The DCA has awarded the geotechnical investigation to Fugro and selected Jacobs as engineering design manager even though the State Water Resources Control Board has not yet approved the petitions by the Department of Water of Resources and U.S. Bureau of Reclamation to change the point of diversion, a requirement for the project to be constructed. The project needs over a dozen permits in order for construction to begin. For more information, go to: https://fishsniffer.com/index.php/2019/01/29/fugro-awarded-geotechnical-investigation-for-delta-tunnels-even-though-project-not-yet-approved/
The awarding of contracts to Fugro and Jacobs by the DCA also takes place despite an avalanche of lawsuits by cities, counties, water districts, Tribes, fishing groups, environmental NGOs and other organizations against a project opponents consider to be the most environmentally destructive public works project in California history.

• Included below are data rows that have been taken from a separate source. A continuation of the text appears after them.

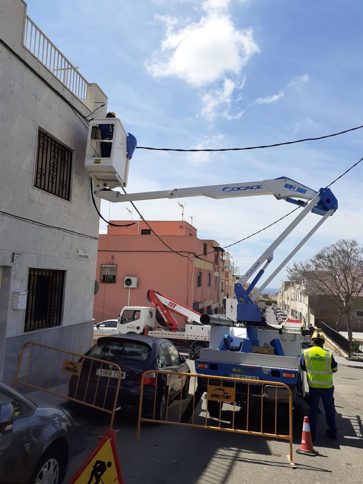 Endesa sigue trabajando en los barrios de Almería más afectados por las sobrecargas en las redes de distribución que provocan los enganches ilegales, agravados por el estado de alarma, y ha conectado este jueves al centro de distribución ubicado Los Almendros unos 1.000 metros de nuevo cableado subterráneo de Baja Tensión, y tendido otros 350 metros de línea aérea de Baja Tensión gracias a tres apoyos de hormigón que se han instalado con una grúa especial.
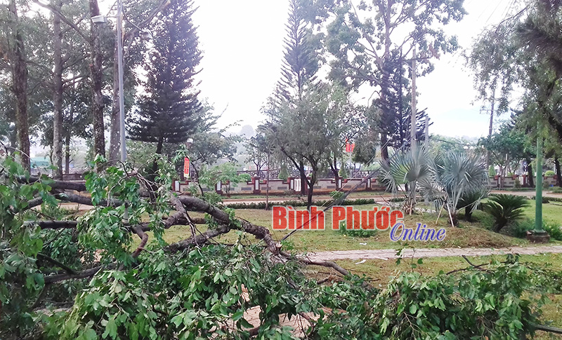 Gió giật mạnh đã làm một số cây sao trên 10 năm tuổi tại công viên Điểu Ong gẫy ngang thân, đổ sập làm đứt dây dẫn đến mất điện. Hệ thống lưới điện từ khu vực bệnh viện đa khoa huyện tới xã Thọ Sơn cũng bị cây gẫy đổ làm đứt nhiều đoạn. Một số pa nô tuyên truyền bầu cử trước cửa UBND huyện và khu vực đối diện chợ Bù Đăng đã bị gió giật đổ ngã, hư hại. Một nhà dân ngay cầu Bù Đăng bị tốc mái tôn vướng vào dây điện. Hiện chưa có thống kê chi tiết về mức độ thiệt hại do giống lốc gây ra chiều qua.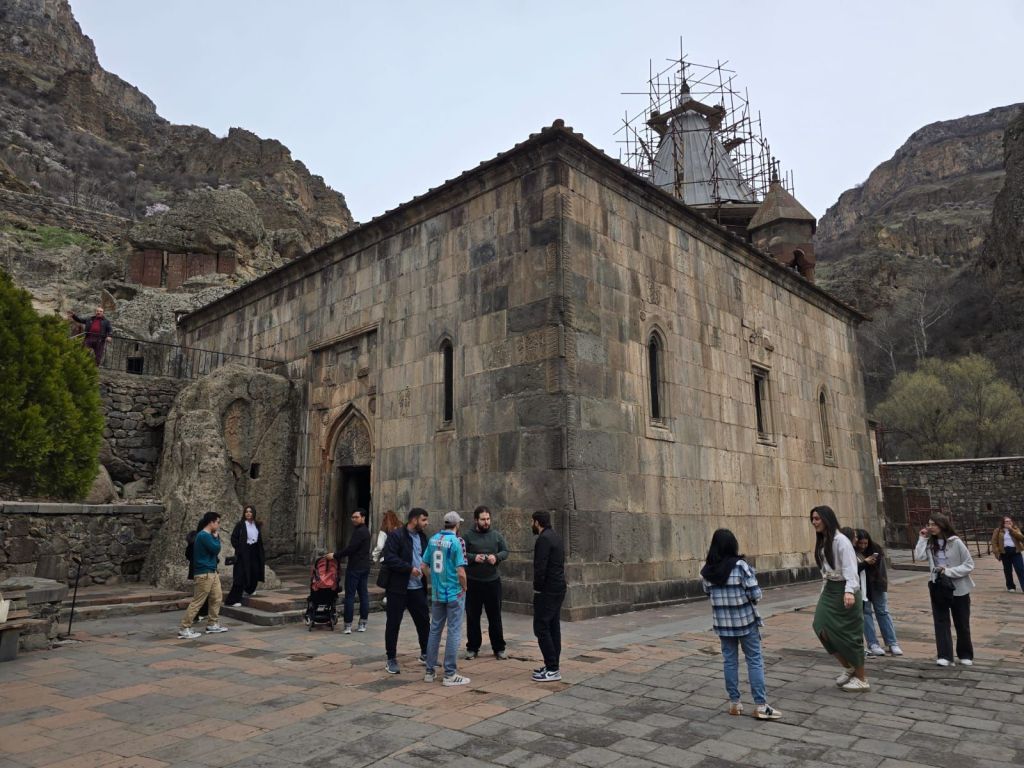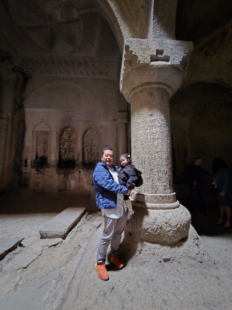 Sabtu, 5 April 2025, kami memulai hari dengan sarapan di hotel. Sekitar jam 9.30, Gega menjemput kami di hotel, kali ini dia membawa seorang teman, local guide dari Yerevan yang akan menemani kami berwisata. Tujuan pertama pagi ini, kami meluncur ke arah timur Yerevan untuk mengunjungi Biara Geghard (Geghard Monastery), salah satu gereja paling terkenal di Armenia. Kompleks gereja ini unik, sebagian bangunannya dipahat langsung ke dinding gunung, menciptakan kombinasi luar biasa antara arsitektur dan alam.

Yesterday, Barrigan-Parrilla spoke at the DCA Board of Directors meeting in Sacramento to remind them that the joint powers authority may not initiate construction of a new Delta conveyance facility under certain conditions are met under state law:
“Today, I would like to remind the DCDCA of Water Code 850589 — provision b Construction of a new Delta conveyance facility shall not be initiated until the joint powers authority representing those entities have made arrangements or entered into contracts to pay for both of the following: (b) Full mitigation of property tax or assessments levied by local governments or special districts for land used in the construction, location, mitigation, or operation of new Delta conveyance facilities.

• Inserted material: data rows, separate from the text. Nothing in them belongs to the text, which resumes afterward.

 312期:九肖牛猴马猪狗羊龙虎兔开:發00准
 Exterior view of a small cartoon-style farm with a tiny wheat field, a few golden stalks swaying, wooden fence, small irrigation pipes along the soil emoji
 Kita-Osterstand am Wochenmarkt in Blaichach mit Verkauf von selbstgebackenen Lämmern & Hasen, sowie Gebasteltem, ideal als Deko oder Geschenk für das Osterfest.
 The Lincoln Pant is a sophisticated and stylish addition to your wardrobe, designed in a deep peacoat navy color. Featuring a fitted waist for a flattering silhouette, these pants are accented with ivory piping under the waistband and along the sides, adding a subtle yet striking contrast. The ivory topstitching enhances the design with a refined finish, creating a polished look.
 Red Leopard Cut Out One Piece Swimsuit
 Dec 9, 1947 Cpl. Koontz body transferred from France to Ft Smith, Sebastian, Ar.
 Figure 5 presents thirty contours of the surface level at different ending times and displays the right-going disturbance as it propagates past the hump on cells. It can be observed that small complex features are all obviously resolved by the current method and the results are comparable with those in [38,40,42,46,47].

This has not been completed, and speaks to a broader issue — dozens of permits and processes legally required remain incomplete — yet this body is approving contracts in the tens of millions of dollars to move forward with the project. And we still do not have a fully flesched financial plan for the tunnels.”
She also brought to light reports about meetings between JPA members and “select” members of the Delta community regarding the California WaterFix that weren’t publicly noticed:
“I also want to remind the DCDCA that Delta County supervisors, assemblymembers, state senators, local district officials and mayors represent the people of the Delta. We are very concerned hearing about meeetings betweeen JPA members and “select” members of the Delta community to work through issues regarding WaterFix.
Elected officials represent the people of the Delta. Period. Even our organization with 60,000 followers does not represent the local government interests of the Delta. We understand that past meetings have ocurred — a dinner here, a meeting there. We expect to see minutes from community meetings and for proper public notice of such meetings before they are held.”
Finally, she pointed out that the video for the JPA meetings is “regularly intermittent.” She urged the board to provide video services for all meetings and create a video archive:
“Last, video for this meeting is regularly intermittent — there is no video archive. There are no video services for the DCFA meetings. WaterFix it the second largest public works project in CA. There are good government groups from throughout the state that want to understand what it is you are doing. If WaterFix is as good as all of you claim it is, then you should want meetings to be transparent.
It’s time for you to take a page out of the High-Speed Rail playbook and to provide video services for all meetings and create a video archive. The people of California have a right to know what it is you are planning, the impacts on water supplies, the environment, and finances.”